As will become apparent from the more detailed description and examples set forth below, the stabilizer system used in the present invention compares favorably with known stabilizers in its ability to reduce segregation in fruit juice-containing products. Unique and unexpectedly superior. In fact, the sole use of any of the individual components within the stabilizer system is not effective in achieving the desired results.

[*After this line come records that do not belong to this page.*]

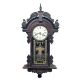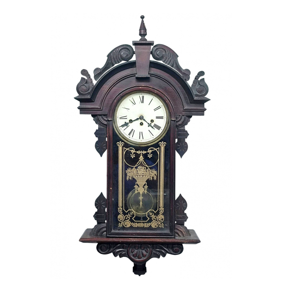 AMERICAN ANSONIA CLOCK COMPANY (1851-1929) Relógio carrilhão de grande porte americano de parede. Caixa em madeira entalhada em concha, folhagens e volutas. Máquina com chave e pêndulo, funcionando, porém necessita regulagens. Vidro original com ornamentos dourados.Apresenta desgastes causados pelo tempo. MEDIDAS: 1,00 x 44 x 20cm.
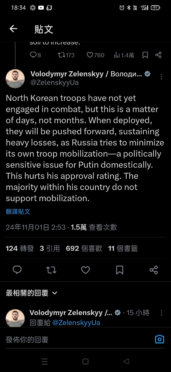 vt1009 : 俄軍無法對北韓軍人下達戰術命令只能恐嚇他們往前 11/01 23:06
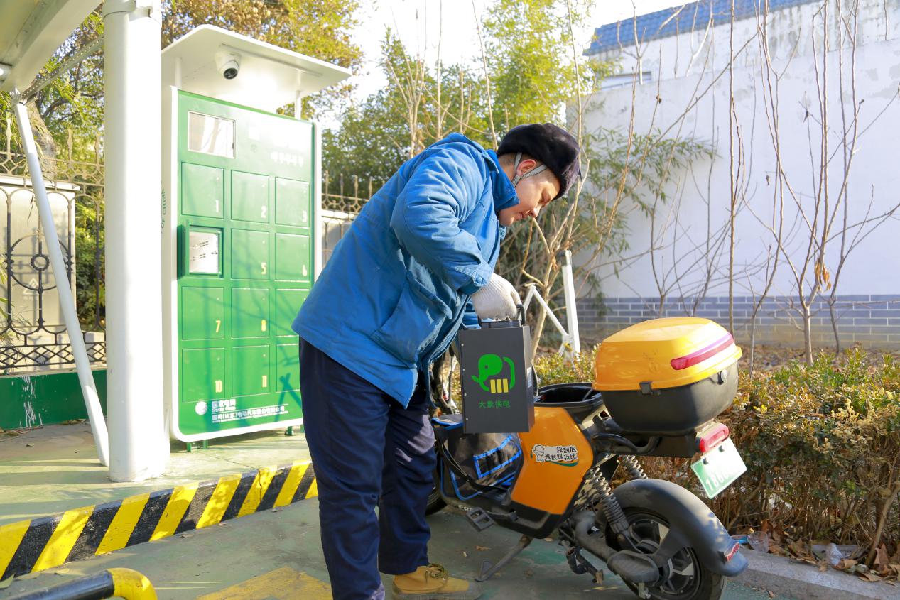 國網棗莊供電公司常莊供電所員工為現(xiàn)場檢修騎乘的“大象換電”自行車更換電池。(賈方寧 攝)
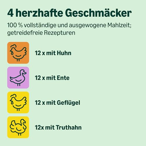 Die Packung enthält 48 Portionen: 12 x gelierte Hühnerhäppchen; 12 x Häppchen mit Ente in Gelee; 12 x Snacks mit Geflügel in geliertem Fleisch; 12 x Snacks mit Truthahn in Gelee
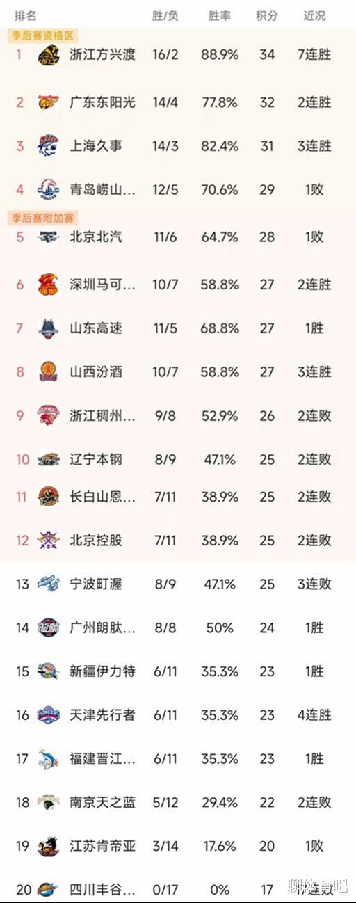 北京时间1月21日,今晚的CBA常规赛第18轮结束了两场比赛,我们看看最新积分榜变动!广厦102-79大胜北控23分豪取
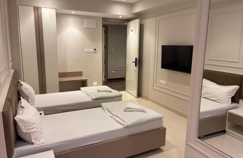 Food & DrinkBottle of water, Tea/Coffee makerBathroomBathtub or shower, Body soap, Shampoo, Free toiletries, Private bathroom, Toilet paper, Toilet, Shower, TowelsMedia & TechnologyTV, Flat-screen TV, Streaming service (like Netflix)GeneralHeating, Iron, Trash cans, Fire extinguisher, Key access, Key card access, Air conditioning, Tile/Marble floor, Ironing facilities, Smoke Alarm, FanLiving AreaDesk, Dining area, SofaServicesWake-up serviceKitchenOven, Electric kettleBedroomChildrens' cribs, Wardrobe or closet, LinensViewCity viewAccessibilityAccessible by elevator, Entire unit wheelchair accessibleRoom AmenitiesNon-feather pillow, Sofa bed, Socket near the bed, Hypoallergenic pillow, Clothes rack, Fold-up bedPhysical distancingSingle-room AC for guest accommodationCleanliness & disinfectionHand sanitizer |
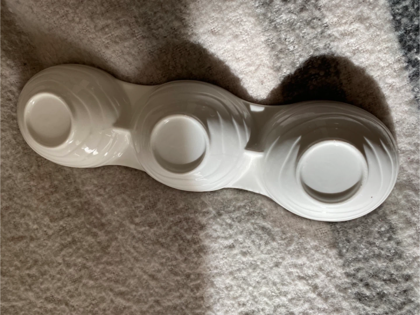 White ceramic serving dish with three connected sections. Measures approximately 12 inches long. Dishwasher safe.

The invention will be explained in more detail by the following illustrative, non-limiting examples.

[0018]

Example 1 An orange juice drink is prepared from the following ingredients:

[0019]

[Table 1] Orange juice concentrate
14.50 gallons (65°bricks) orange oil
0.20 gallon citric acid

20.00 lbs Sodium Citrate
10.00 pounds FD
And C Yellow-#6
0.25 pounds sugar
£915.00 water
Approximately 914.11 gallons

A total of 1000.00 gallons of this product is placed in a stirred vessel containing about 1.31 to about 17.45 pounds of propylene glycol alginate and about 0.87 to 8.72 pounds of propylene glycol alginate.
pound of sodium carboxymethyl cellulose
Add Kyuresu's product name CMC-7LF). The product is then adjusted to 12.0° Brix and 0.30% acid, heated to a temperature of about 195° to 205° F. for sterilization, and then packaged into clear glass bottles. The bottled product is then cooled to room temperature.

[0020]

Example 2 An orange juice concentrate is prepared from the following ingredients to make a suitable beverage by diluting with 5 parts water to 1 part concentrate:

[0021]

[Table 2] Orange juice concentrate
87.0 gallons (65°bricks) orange oil
1.2 gallon citric acid
12
0.0 lb Sodium Hexometaphosphate
52.0 lbs Sodium Benzoate 52.0 lbs FD&C Yellow-#6
1.5 pounds sugar
5435.0 pounds water
Approximately 488.7 gallons
1000.0 gallons total In a stirred vessel containing this product, add about 7.85 to about 104.69 pounds of propylene glycol alginate (Kelco brand name Kelcolloid-O) and about 5.23 to about 52.0 gallons. Add 34 pounds of sodium carboxymethyl cellulose (Hercules CMC-7LF). This product is adjusted to 72° Brix and 1.80% acid (5:1 dilution results in 0% acid).
．． 30% acid and a soluble solids content of 12.0° Brix) and then packed into suitable containers at room temperature. Sequestering agents such as sodium hexametaphosphate or calcium ethylenediaminetetraacetate disodium dihydrate used above are found to increase the stability of the product, especially in concentrates.

[0022]

Example 3 A grapefruit beverage is prepared by first preparing a beverage base from the following ingredients:

0
023]

[Table 3] Grapefruit concentrate
760.0 gallons (65° Brix) Grapefruit oil
12.5 gallons sodium citrate
625.0 lbs. Sodium hexametaphosphate 545
．． 0lb FD&C Yellow-#5
3.0 lbs citric acid
15
5.0 pounds water
Approximately 148.5 gallons

Total 1000.0 gallons This base is 48.3°
Blix and 5.4% acid and stored frozen. The base is then thawed and 16.0 gallons are mixed with 800 pounds of sugar and 920 gallons of water to form a grapefruit beverage. Approximately 1.30 to 1 for this drink
7.38 lbs of propylene glycol alginate (Kelco Kelcolloid-O) and approx.
8.69 pounds of sodium carboxymethyl cellulose
(Hercules CMC-7LF). The product thus obtained was mixed at 11.0°brix and 0.
．． Adjust to 60% acid and package at a temperature of 195-205°F, then cool to room temperature.

[0024]

Example 4 A control fruit punch beverage is prepared from the following ingredients:

[0025]

[Table 4] Sucrose
693.97g high fructose corn syrup 385.01g citric acid
12.86g fruit punch concentrate
219.74g water
74
30.42g
Total 8742.00
g
(8.32 liters) This drink has a fruit juice content of 10% (orange and pineapple)
, a pH of approximately 3.0 (±0.2), 0.30% acid and 12.5° Brix. This is about 195 ~
Sterilize by heating to 205°F and then package into four 64 oz glass bottles. Store bottled products at room temperature.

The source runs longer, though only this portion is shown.